■ **Prompt**: With pictures left out, output exactly the lines of the listing below from the line that has "La Paz staat" to the line that has "Банкнота 5 рублей", both lines kept.

Dataset excerpts START

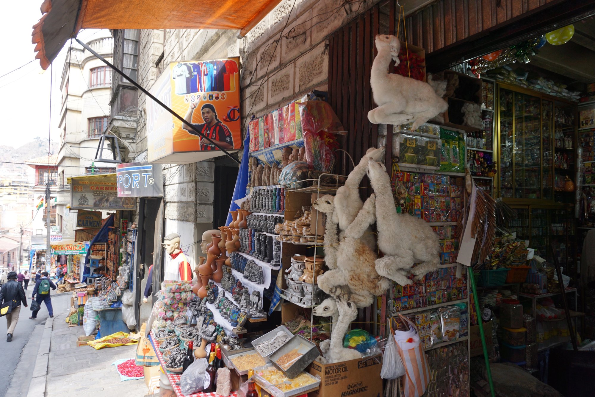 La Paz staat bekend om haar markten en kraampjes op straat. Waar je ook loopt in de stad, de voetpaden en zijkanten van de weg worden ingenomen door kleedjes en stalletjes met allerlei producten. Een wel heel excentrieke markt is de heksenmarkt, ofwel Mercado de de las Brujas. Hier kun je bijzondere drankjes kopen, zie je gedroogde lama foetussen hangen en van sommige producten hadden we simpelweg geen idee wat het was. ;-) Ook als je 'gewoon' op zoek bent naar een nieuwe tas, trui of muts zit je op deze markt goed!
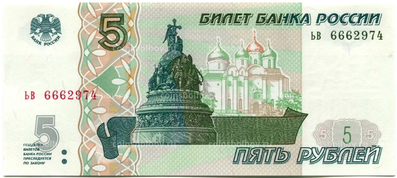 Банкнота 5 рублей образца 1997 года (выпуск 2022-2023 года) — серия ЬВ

Dataset excerpts END
Dataset excerpts START

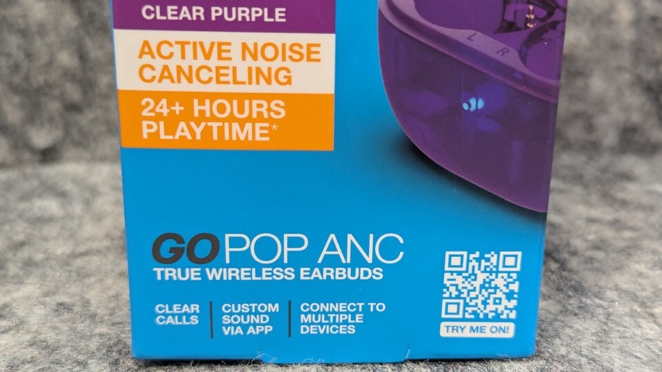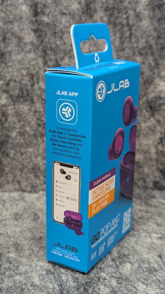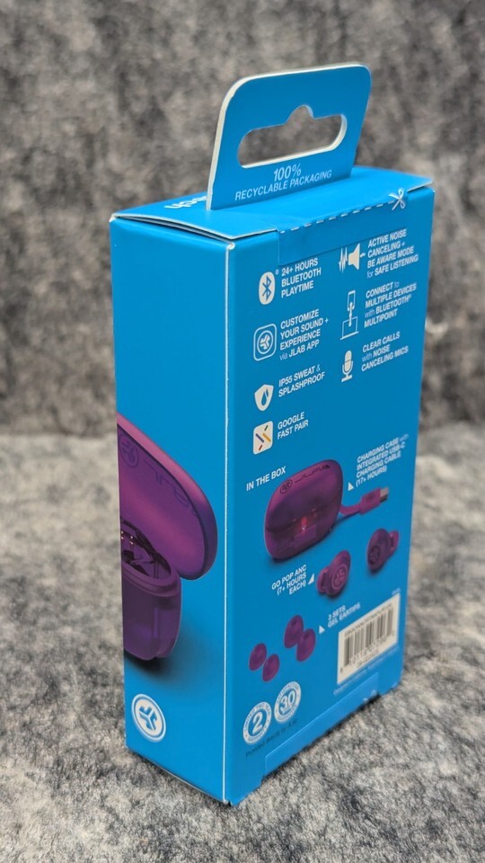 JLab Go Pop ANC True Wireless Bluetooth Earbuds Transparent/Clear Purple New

Dataset excerpts END

■ **The answer**:
 La Paz staat bekend om haar markten en kraampjes op straat. Waar je ook loopt in de stad, de voetpaden en zijkanten van de weg worden ingenomen door kleedjes en stalletjes met allerlei producten. Een wel heel excentrieke markt is de heksenmarkt, ofwel Mercado de de las Brujas. Hier kun je bijzondere drankjes kopen, zie je gedroogde lama foetussen hangen en van sommige producten hadden we simpelweg geen idee wat het was. ;-) Ook als je 'gewoon' op zoek bent naar een nieuwe tas, trui of muts zit je op deze markt goed!
 Банкнота 5 рублей образца 1997 года (выпуск 2022-2023 года) — серия ЬВ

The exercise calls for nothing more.